The involvement of CSTO in matters concerning Afghanistan has increased over the last eight years. The CIS Antiterrorist Center has been included in the CSTO structure; CSTO member nations annually hold operations to stop drug smuggling from Afghanistan; and CSTO has decided to deploy Collective Rapid Response Forces to act in crisis situations. On Jan. 20, 2011, Russia and Afghanistan signed an agreement on trade and economic cooperation, which envisions the supply of Russian military equipment to Afghanistan.
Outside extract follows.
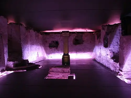 Für den neuen Eingang in den Schauraum wurde nicht der ursprüngliche Abgang verwendet, sondern ein Stück der Originalmauer herausgesägt, sodass ein Querschnitt des verwendeten Baumaterials zu sehen ist. Der Unterschied im Material erklärt sich aus der Verbindung des Ursprungsbaus mit dem jüngeren Anbau. Rechts wurden die verbrannten Gebeine wieder an der Fundstelle bestattet. Eine Lichtprojektion mit Text weist auf die Knochensplitter hin.[24] Südwestlich davon wurden zwei neue Räume für die Technik eingerichtet.[25]

But there has been no dialogue between CSTO and NATO on Afghanistan. The CSTO leaders adopted a plan for cooperation with NATO on Afghanistan on Jun. 18, 2004. Similar proposals were made by then-Russian Defense Minister Sergei Ivanov in 2006, Foreign Minister Sergei Lavrov in 2009 and CSTO General Secretary Nikolai Bordyuzha in 2010. Two key areas of possible Russian-NATO cooperation were identified: combating the transnational terrorism network (including interaction among intelligence agencies), and the fight against drug trafficking. Yet, NATO and CSTO still do not officially recognize one another. NATO prefers to negotiate separately with Russia and the Central Asian countries.

There are three scenarios taking shape for Afghanistan’s future, none of which are advantageous for Russia.

 The first is that NATO troops rapidly withdraw. The consequences would presumably be the return of the Taliban, the fall of the Kabul government and the escalation of military operations against Pakistan, all the way up to the Taliban breaking through to Pakistani nuclear sites. Tajikistan and Uzbekistan would be forced to protect the Tajik and Uzbek clans of Afghanistan or block attempts by the Taliban to support rebel Islamists on their territory.

Under the second scenario, the status quo would remain in place indefinitely. The result would be an expansion in drug trafficking. The CSTO would be forced to step up its own actions near the Afghan-Tajik and Afghan-Uzbek borders. The independent actions of the CSTO in Afghanistan would increase tension in the organization’s relations with NATO.

In the third scenario, NATO would intensify military actions in 2011–2013 with the goal of “finishing off” the Taliban. NATO would try to establish a dialogue with individual Central Asian countries, particularly Uzbekistan. Given the lack of coordination with CSTO, Moscow could perceive NATO’s steps as an attempt to cause a split in the organization.

Russian experts are increasingly getting the feeling that NATO’s policies in Afghanistan are intentionally unfriendly towards Russia. The withdrawal of NATO troops from Afghan territory could lead to a new regional war. In such a situation, Moscow would be faced with the difficult choice of either getting drawn into a war or failing to observe its commitments as part of CSTO.

Alexei Fenenko is a lead researcher at the Institute of International Security Problems of the Russian Academy of Sciences.